INCORPORATION OF PREVIOUS REGISTRATION STATEMENT BY REFERENCE
The contents of the previous Registration Statement on Form S-8, Registration No. 333-57470, previously
filed with the Securities and Exchange Commission by Acxiom Corporation ("Acxiom") are incorporated herein by
this reference.
REGISTRATION OF ADDITIONAL SECURITIES
Acxiom has previously registered an aggregate 6,500,000 shares of its Common Stock, $0.10 par value,
issuable under the 2000 Associate Stock Option Plan of Acxiom Corporation (the "Plan").

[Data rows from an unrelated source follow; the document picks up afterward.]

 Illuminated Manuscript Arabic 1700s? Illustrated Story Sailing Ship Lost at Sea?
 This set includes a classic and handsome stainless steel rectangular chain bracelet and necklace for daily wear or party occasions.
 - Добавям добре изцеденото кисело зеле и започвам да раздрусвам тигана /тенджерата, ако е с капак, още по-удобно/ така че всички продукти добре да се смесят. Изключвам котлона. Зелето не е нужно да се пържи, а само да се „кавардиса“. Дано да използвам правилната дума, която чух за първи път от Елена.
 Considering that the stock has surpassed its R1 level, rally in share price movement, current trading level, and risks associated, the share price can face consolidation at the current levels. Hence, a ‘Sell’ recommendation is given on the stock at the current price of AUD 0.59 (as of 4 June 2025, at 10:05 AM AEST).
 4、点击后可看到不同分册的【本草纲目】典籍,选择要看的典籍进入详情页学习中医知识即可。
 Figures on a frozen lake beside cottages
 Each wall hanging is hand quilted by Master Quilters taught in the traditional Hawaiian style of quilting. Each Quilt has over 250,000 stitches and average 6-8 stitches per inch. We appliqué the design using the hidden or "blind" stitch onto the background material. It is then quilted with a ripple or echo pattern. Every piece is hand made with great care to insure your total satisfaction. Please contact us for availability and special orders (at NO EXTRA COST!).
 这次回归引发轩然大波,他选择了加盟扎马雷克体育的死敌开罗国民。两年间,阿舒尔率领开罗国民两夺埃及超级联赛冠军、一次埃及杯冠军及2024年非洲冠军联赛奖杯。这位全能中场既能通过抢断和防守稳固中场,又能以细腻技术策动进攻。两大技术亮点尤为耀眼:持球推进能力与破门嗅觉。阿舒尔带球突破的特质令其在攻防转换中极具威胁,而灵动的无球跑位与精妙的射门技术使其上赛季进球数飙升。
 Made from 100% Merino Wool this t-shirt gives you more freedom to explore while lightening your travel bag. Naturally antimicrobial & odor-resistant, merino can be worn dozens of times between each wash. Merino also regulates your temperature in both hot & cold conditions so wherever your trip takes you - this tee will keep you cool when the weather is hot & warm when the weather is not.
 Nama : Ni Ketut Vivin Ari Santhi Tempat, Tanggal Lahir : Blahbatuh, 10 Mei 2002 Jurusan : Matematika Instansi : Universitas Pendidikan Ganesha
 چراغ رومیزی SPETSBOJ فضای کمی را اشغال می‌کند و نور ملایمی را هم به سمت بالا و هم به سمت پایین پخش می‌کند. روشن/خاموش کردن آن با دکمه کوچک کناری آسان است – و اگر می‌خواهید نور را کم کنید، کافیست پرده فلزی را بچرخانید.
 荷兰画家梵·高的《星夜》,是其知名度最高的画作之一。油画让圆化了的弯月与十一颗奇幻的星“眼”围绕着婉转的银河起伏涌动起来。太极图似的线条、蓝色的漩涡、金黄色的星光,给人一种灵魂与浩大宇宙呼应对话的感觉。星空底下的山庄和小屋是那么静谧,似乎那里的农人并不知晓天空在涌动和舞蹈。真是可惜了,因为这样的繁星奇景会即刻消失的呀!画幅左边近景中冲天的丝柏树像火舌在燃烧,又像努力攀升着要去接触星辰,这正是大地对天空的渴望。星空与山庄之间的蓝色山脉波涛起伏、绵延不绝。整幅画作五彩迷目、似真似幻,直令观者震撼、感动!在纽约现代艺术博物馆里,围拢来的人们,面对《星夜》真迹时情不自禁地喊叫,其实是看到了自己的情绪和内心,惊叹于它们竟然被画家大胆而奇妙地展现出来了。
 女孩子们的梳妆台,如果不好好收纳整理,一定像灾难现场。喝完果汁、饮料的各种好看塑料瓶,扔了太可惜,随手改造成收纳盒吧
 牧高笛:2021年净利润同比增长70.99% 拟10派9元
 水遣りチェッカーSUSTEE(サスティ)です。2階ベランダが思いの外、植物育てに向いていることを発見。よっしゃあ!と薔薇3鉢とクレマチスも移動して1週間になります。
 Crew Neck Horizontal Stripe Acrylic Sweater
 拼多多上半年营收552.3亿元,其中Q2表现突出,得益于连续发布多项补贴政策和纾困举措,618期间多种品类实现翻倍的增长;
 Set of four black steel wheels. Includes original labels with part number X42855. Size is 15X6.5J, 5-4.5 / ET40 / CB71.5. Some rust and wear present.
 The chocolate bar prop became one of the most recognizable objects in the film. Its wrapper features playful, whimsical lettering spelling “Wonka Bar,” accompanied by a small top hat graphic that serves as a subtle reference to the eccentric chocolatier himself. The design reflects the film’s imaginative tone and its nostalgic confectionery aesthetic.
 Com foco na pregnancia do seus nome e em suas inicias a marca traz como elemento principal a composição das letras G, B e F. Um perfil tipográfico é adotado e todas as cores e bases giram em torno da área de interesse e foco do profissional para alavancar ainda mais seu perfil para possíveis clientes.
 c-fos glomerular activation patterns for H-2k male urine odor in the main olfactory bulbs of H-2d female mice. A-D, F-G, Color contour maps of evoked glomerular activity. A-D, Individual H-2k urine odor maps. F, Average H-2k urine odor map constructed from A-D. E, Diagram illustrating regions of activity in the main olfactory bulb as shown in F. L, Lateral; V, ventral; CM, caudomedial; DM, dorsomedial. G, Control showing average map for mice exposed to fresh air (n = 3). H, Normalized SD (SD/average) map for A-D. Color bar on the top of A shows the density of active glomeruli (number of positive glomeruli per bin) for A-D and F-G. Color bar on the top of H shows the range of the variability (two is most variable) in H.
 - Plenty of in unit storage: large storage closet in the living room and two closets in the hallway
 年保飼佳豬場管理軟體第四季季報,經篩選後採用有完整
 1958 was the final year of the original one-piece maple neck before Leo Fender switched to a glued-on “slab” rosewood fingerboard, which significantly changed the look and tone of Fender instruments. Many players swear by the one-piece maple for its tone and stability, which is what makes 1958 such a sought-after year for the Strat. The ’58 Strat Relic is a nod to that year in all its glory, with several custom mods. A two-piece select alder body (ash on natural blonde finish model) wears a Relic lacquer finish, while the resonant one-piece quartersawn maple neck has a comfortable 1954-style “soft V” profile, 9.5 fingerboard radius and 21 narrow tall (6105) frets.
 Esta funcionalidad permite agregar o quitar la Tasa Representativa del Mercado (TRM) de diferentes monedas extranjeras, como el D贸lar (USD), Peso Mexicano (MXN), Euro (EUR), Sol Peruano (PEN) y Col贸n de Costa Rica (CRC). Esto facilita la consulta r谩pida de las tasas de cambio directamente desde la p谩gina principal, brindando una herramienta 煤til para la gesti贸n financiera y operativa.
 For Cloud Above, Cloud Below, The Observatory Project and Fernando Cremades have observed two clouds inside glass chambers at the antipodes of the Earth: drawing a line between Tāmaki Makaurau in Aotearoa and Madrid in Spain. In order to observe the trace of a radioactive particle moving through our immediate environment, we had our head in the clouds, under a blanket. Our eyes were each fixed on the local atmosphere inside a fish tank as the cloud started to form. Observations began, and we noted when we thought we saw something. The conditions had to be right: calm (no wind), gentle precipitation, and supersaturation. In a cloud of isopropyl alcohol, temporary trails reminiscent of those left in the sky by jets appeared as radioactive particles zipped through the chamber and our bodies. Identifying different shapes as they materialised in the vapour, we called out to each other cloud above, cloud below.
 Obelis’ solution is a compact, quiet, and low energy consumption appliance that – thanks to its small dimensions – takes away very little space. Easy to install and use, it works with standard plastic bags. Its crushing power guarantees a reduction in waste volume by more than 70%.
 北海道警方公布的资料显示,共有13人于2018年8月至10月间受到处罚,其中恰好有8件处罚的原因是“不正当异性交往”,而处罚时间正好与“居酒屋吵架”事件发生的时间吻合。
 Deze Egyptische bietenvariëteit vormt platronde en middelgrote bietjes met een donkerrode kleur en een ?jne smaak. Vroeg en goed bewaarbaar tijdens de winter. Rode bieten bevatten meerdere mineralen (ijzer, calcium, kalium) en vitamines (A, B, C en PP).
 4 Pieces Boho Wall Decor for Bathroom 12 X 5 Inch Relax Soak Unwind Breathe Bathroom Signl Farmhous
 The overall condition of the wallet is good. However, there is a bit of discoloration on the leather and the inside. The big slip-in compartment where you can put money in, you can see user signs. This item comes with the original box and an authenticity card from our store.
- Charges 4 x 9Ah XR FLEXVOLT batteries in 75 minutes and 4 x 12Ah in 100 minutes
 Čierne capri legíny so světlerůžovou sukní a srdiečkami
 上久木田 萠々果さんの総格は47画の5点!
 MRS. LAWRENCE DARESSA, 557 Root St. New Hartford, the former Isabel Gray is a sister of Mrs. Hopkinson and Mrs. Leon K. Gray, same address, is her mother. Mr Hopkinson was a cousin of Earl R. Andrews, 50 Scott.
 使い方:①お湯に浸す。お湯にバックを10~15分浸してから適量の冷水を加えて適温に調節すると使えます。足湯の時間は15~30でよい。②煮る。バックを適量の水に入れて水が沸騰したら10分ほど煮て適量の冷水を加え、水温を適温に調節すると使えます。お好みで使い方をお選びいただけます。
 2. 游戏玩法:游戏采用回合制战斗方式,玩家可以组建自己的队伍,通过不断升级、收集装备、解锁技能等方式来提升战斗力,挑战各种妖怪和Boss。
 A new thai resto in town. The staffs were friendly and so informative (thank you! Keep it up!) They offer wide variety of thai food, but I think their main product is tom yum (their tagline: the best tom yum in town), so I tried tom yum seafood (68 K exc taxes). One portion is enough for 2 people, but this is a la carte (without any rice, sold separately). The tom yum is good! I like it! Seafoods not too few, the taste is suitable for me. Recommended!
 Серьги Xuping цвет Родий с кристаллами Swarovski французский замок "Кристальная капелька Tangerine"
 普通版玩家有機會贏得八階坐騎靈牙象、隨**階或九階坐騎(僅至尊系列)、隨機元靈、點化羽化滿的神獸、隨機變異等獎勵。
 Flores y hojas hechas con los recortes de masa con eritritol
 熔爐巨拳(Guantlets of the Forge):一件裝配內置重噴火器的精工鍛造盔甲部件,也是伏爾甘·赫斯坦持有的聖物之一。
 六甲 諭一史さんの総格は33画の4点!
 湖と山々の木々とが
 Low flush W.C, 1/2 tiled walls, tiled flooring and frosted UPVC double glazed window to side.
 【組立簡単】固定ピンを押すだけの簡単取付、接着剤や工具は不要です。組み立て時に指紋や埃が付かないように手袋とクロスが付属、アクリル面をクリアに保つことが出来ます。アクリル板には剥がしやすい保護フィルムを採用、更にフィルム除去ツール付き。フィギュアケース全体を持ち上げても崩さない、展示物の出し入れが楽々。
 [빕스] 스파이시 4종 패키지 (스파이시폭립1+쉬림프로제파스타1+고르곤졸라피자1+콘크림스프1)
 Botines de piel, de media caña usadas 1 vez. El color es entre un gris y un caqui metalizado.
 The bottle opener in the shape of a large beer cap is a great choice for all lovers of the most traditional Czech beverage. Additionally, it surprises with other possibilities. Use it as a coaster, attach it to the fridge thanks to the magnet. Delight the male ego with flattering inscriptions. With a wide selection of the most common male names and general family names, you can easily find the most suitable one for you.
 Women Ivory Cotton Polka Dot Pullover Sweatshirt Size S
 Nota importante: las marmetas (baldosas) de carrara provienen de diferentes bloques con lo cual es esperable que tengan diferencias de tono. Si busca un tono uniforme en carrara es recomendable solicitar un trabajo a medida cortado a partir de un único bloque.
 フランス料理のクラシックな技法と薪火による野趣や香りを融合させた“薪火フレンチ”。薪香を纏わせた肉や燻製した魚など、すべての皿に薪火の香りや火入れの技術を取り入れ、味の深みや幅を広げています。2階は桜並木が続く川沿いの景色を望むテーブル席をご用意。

On August 8, 2001, the
stockholders of Acxiom approved an amendment to the Plan, increasing the number of shares of Common Stock
issuable thereunder from 6,500,000 to 9,400,000. This Registration Statement is being filed pursuant to General
Instruction E to Form S-8 to register such additional shares issuable under the Plan.
PART II
INFORMATION REQUIRED IN THE REGISTRATION STATEMENT
Item 8. Exhibits.
5.1 Opinion of Kutak Rock LLP as to the legality of the shares being registered (filed herewith).
23.1 Consent of Kutak Rock LLP (included in the opinion filed as Exhibit 5.1 herewith).
23.2 Consent of KPMG LLP (filed herewith).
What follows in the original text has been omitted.